Posted on June 05, 2015 by UCL Press

UCL Press was launched with a fanfare and a blaze of publicity on 4 June 2015. 150 people attended a gala event to inaugurate the Press on a beautiful early Summer’s evening. The re-launch of UCL Press is historic because UCL Press is now the UK’s first fully Open Access University Press. Our guest of honour was Professor Lisa Jardine, whose book Temptation in the Archives: Essays in Golden Age Dutch Culture is the first book to be published by UCL Press as an Open Access output.

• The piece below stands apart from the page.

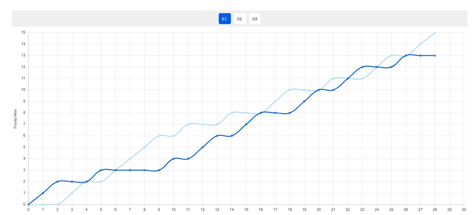 第二局陳俊菘開場6-3領先,隨後陳俊菘崩盤被科頓打出5-0反超,科頓一度10-8拿到局點,陳俊菘連續挽救局點最終13-11逆轉。

UCL Provost Michael Arthur with Professor Lisa JardineUCL’s Provost and President, Professor Michael Arthur, formally launched the Press in his inaugural address. Professor Arthur tied the birth of the Press to an important development in the UCL 2034 strategy – the Connected Curriculum. The Connected Curriculum will deliver a cutting-edge research-based education to UCL students. The Press, through its publication of new publishing formats such as the short form monograph, will provide an outlet for research-based pieces which will make UCL’s research available to students and to the general public.

Professor David Price, Vice Provost (Research), has led the UCL Press Board which oversees the strategic development of UCL’s publishing activity. He gave praise to the UCL Press team who had worked to make the evening and the re-birth of the Press such a success.

The key speaker of the evening was Professor Lisa Jardine herself. Professor Jardine has recently been made a Fellow of the Royal Society and she gave a passionate and inspiring homily on the reasons why she had published in Open Access, and therefore why she had chosen UCL Press as her publisher. Professor Jardine underlined that Open Access was a ground-breaking development in the world of scholarship, which loosed the chains from the authors and their works which were hidden behind a paywall. In this, Professor Jardine echoed the words of Professor Michael Arthur, who saw UCL and its Press as a European leader of anarchic and much-needed change. 

Alongside Professor Jardine’s book, two other authors were published on 4 June. Gill Furlong (UCL Library Services) has produced the definitive volume on UCL’s Treasures, bringing into print decades of experience in UCL Special Collections. Alice Stevenson from the Petrie Museum published The Petrie Museum of Egyptian Archaeology, celebrating 100 years since the Petrie Museum first opened.

Open Access is absolutely core to the UCL Press mission. In this, as a department of UCL Library Services, its launch magnificently fulfils one of the key objectives of the Library Strategy, which aims to ensure that UCL Press becomes embedded into UCL.

The success of the new UCL publishing model is already becoming apparent. The three books launched on 4 June had been Open Access in UCL Discovery for just one week. Immediately after the launch, these three books had been downloaded 2,126 times from a staggering 60 countries around the world – all in the first week. It is a fantastic indication of future activity.

UCL Press is the first fully Open Access University Press in the UK. It marks UCL as a leader in innovation in the dissemination of scholarly outputs and flies the flag for the power for good that UCL brings to its mission and vision.